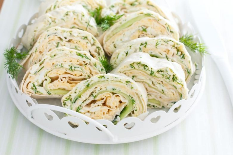 Рулет из лаваша с огурцом, яйцом и сыром
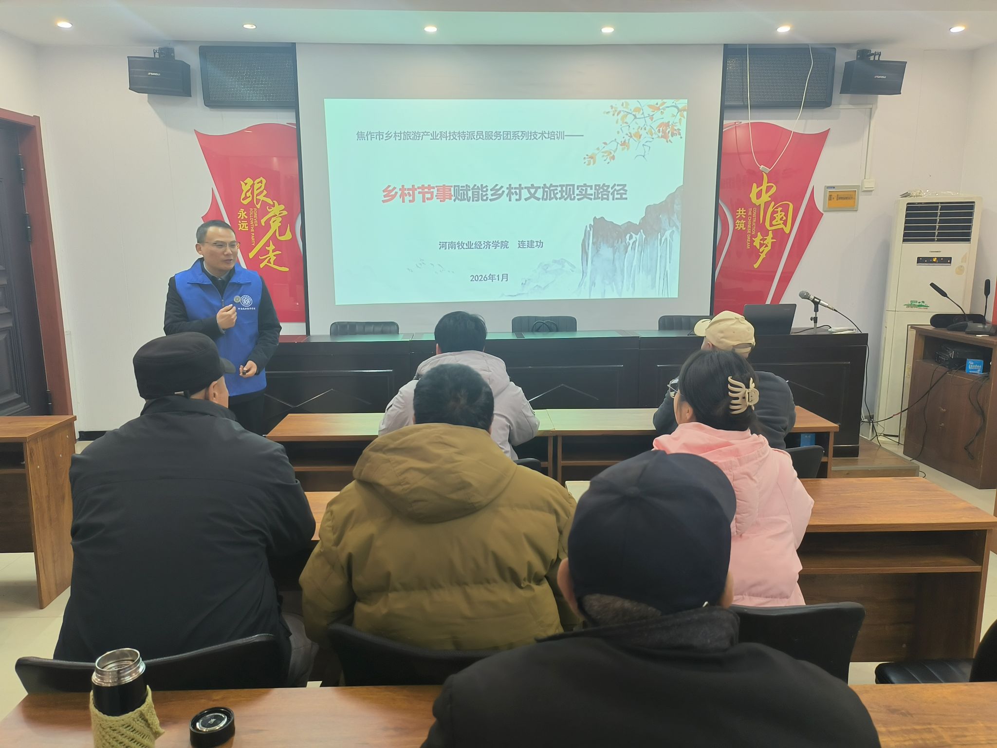 为深化乡村振兴战略实施,助力焦作市解放区乡村旅游产业高质量发展,1月28日下午,williamhill英国中文院长王中雨带领乡村旅游产业科技特派员服务团一行4人赴焦作市解放区开展专题技术培训。当地文旅从业者、基层干部及村民代表参加培训,现场反响热烈。
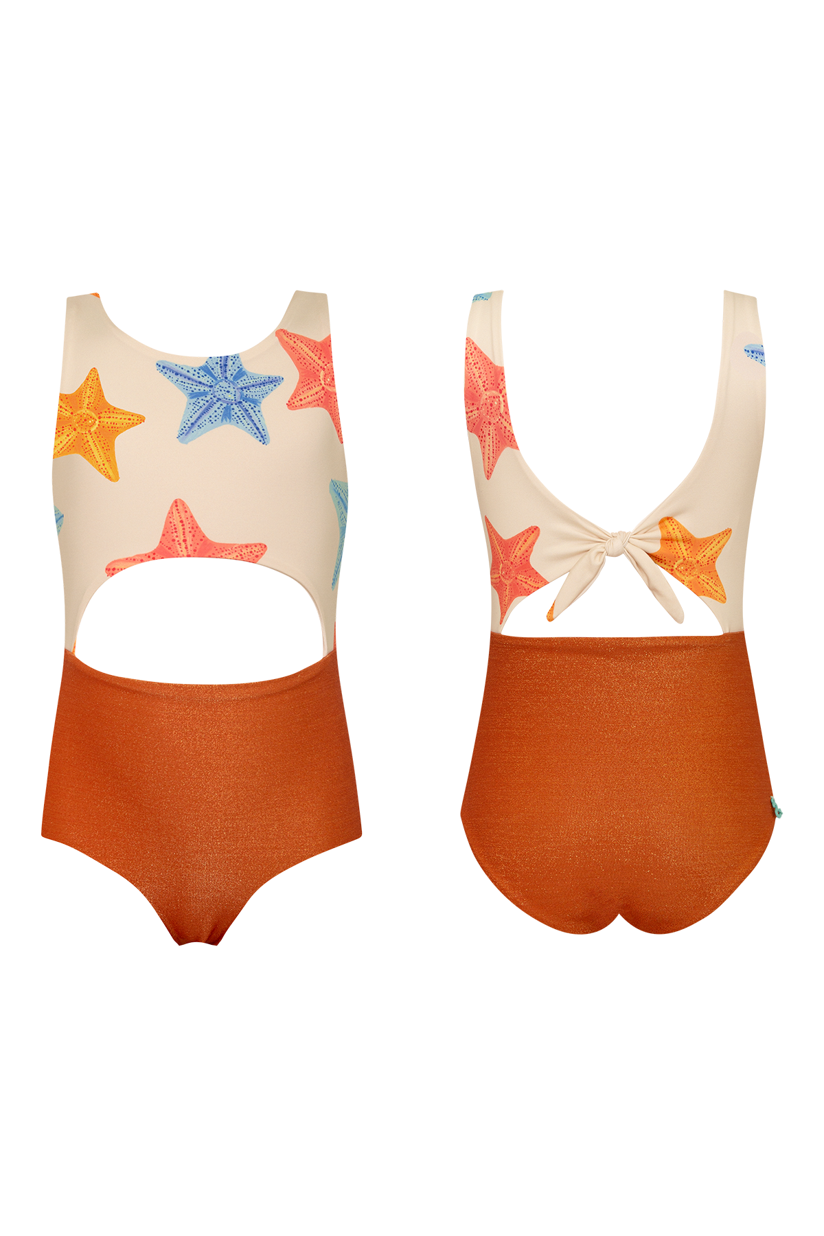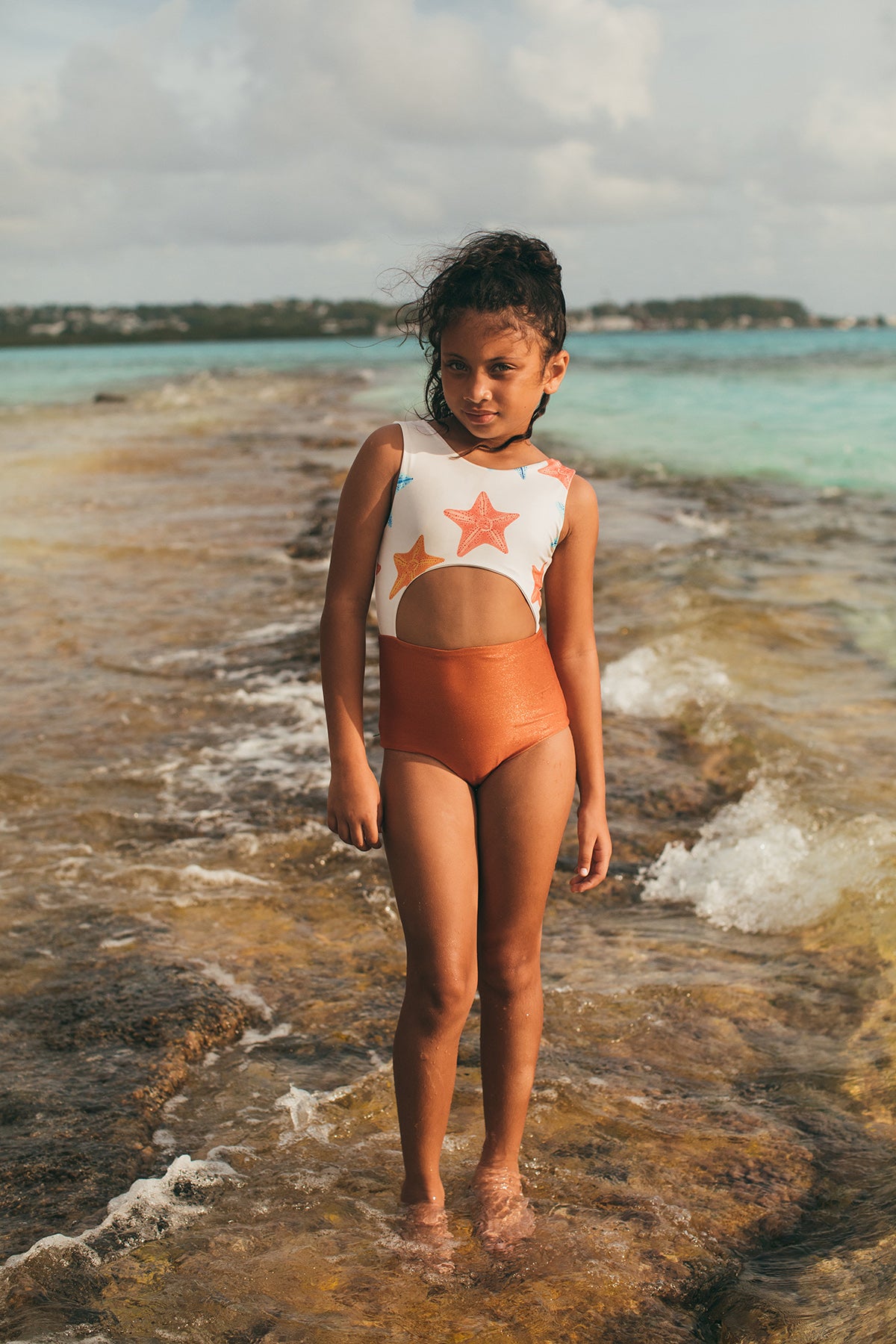 Vestido de baño trikini con corte redondo en cintura, espalda escotada ajustable con nudo. La tela tiene factor de protección UPF50+ lo que quiere decir que actua como un escudo protector contra los rayos UV del sol. Hecho en Colombia

#### [TO DO]
If the material above contains pictures, exclude them from an otherwise exact transcription.

#### [OUTPUT BELOW]
 Рулет из лаваша с огурцом, яйцом и сыром
 为深化乡村振兴战略实施,助力焦作市解放区乡村旅游产业高质量发展,1月28日下午,williamhill英国中文院长王中雨带领乡村旅游产业科技特派员服务团一行4人赴焦作市解放区开展专题技术培训。当地文旅从业者、基层干部及村民代表参加培训,现场反响热烈。
 Vestido de baño trikini con corte redondo en cintura, espalda escotada ajustable con nudo. La tela tiene factor de protección UPF50+ lo que quiere decir que actua como un escudo protector contra los rayos UV del sol. Hecho en Colombia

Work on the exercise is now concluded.